Choklitdoknut · 30/03/2018 18:14

Yes! A bit posh and one of their favourite pastimes is looking for things online to be offended about on behalf of other people.

notthatonethanks · 30/03/2018 18:21

They sound really irritating and hypocritical and I totally get why you would be fed up with them.

Unfortunately throwing a strop at them won't change their views so I'd just leave the group and forget about them.

BustopherJones · 30/03/2018 18:53

I think these sorts of groups can get like that. All the ‘find your tribe’ nonsense. Most people take bits of advice from all over, and abandon what doesn’t work for them. Every child is different.

I was stopped in the street by someone wanting me to join a babywearing group because I was using a wrap sling. I just can’t see the appeal of that sort of thing. But then I think a book club sounds like hell!

sycamore54321 · 30/03/2018 19:00

They and plenty of people on this thread sound like they have a nasty bullying streak. Why didn't you call them out on their unpleasant attitufes and words about formula long before now? That's the real problem, this completely unjustified deification of breastfeeding. To the extent that someone on this thread has called formula feeding a baby a crime. What the hell is wrong with all of these commenters? A baby or toddler that is not being fed at all is a crime. After that, some choices may have more benefits than others (and really we have little enough hard evidence about childhood feeding patterns and how they impact so that's not even a given). Different parents, different children, as long as the children are loved and have their basic needs fulfilled, there is a whole spectrum of ways to reach the same end point.

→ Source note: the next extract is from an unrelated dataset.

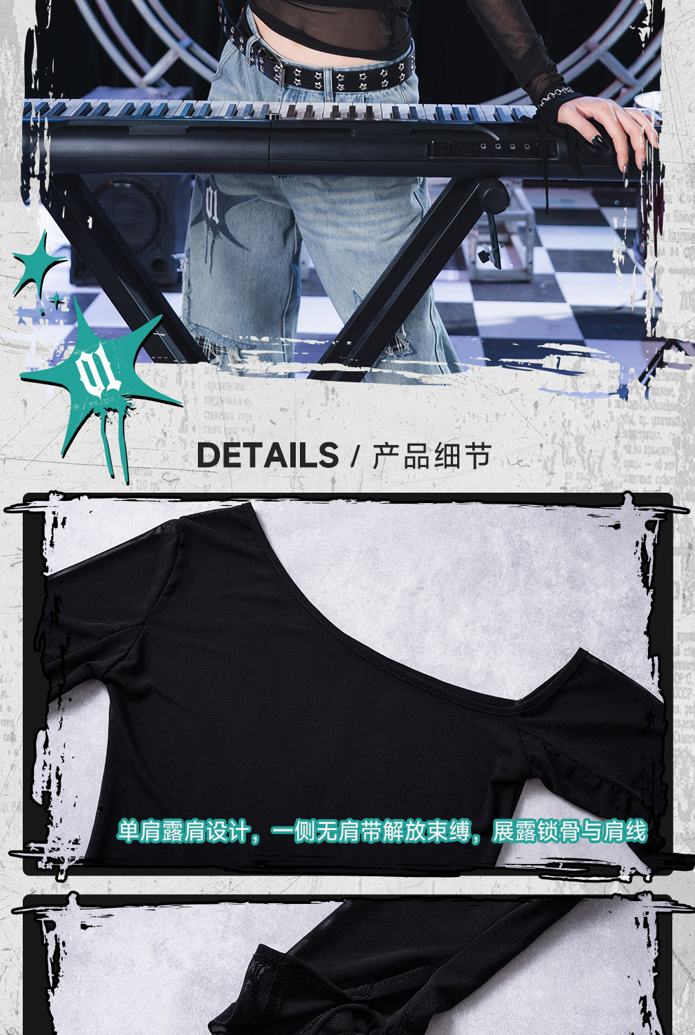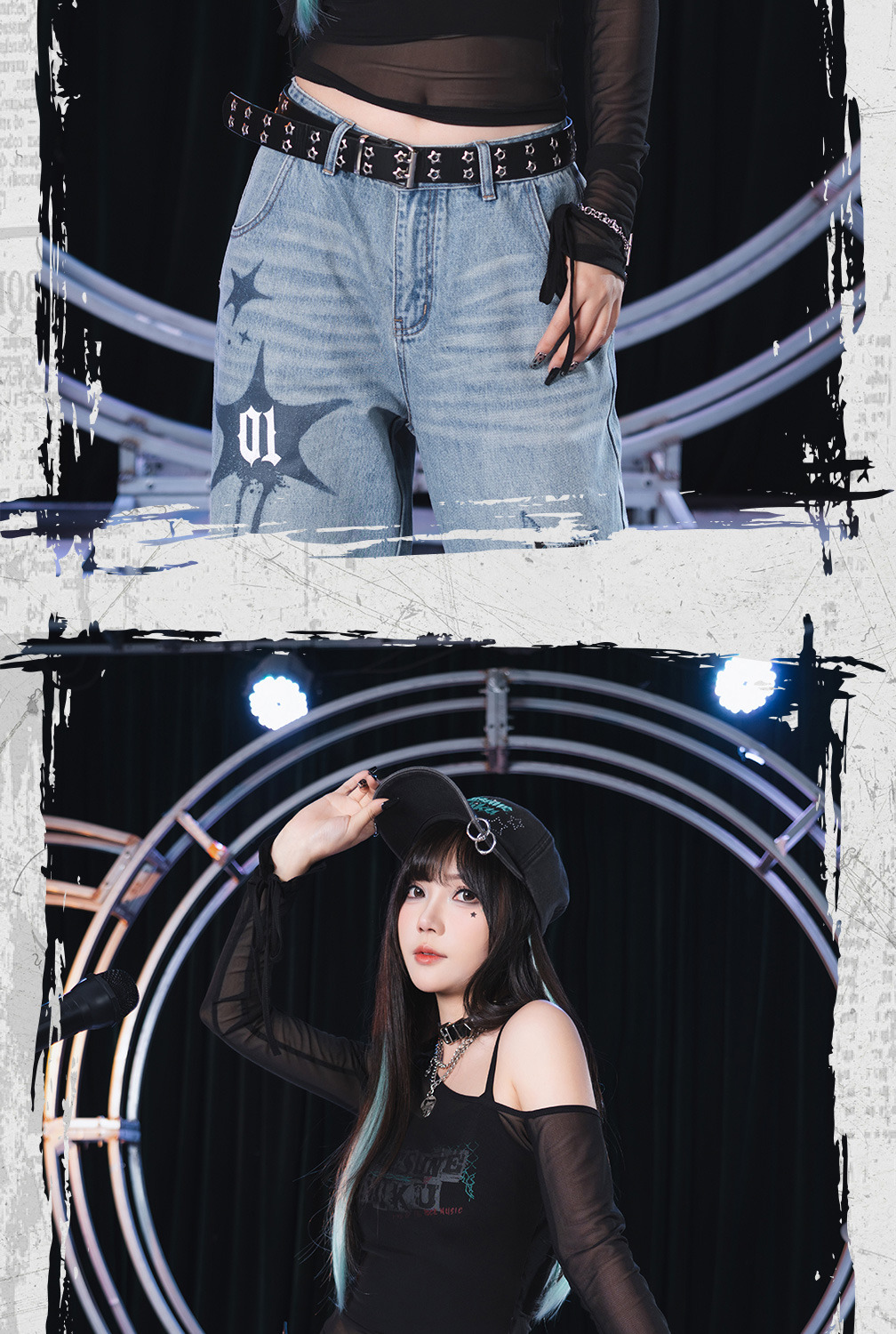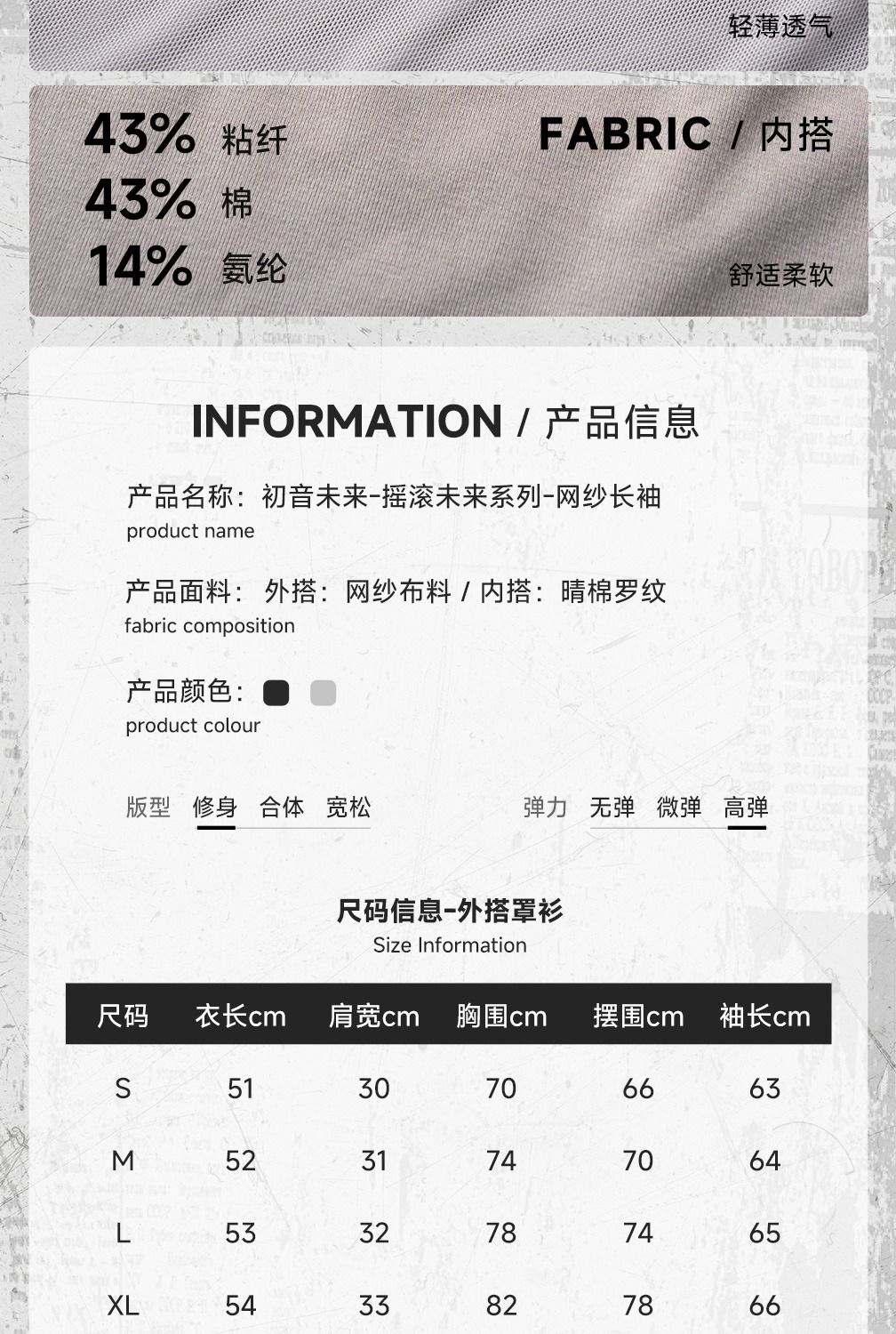 採用輕薄微透的網紗材質,增加視覺通透感。適合春秋單穿,或作為內搭展現獨特的「廢土工業風」。

Snide Facebook friends don't sound like they are enriching anybody's life.

Peterpanspants · 30/03/2018 19:02

The way you’ve written that post and peoples views on BF/FF makes quite a horrible read for people who BF. Thanks

Peterpanspants · 30/03/2018 19:03

*for people who FF

TuscanMum · 30/03/2018 19:11

What’s the point of being in a BF group if you’ve breastfed all your children?

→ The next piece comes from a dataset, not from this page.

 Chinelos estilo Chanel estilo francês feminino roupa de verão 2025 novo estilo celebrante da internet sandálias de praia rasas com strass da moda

It’s not like your new to it🤔

Just feed your child and get on with real life.

Jassmells · 30/03/2018 19:12

@sycamore54321 where has someone said formula feeding is a crime?

MiaowTheCat · 30/03/2018 19:15

This reply has been deleted

Message withdrawn at poster's request.

Hypermice · 30/03/2018 19:18

Parenting FB groups are an odd mix of fabulous support and batshit insanity.

The correct ratio for an enjoyable group is probably 80:20. Enough to eye roll at but not feel harangued.

Once the batshit ratio rises above a certain threshold, you either stay as entertainment (lookin’ at you, placental encapsulation anti vax fluoride denier Mum) or you bow out.

If a group is making you feel shit, it’s time to leave.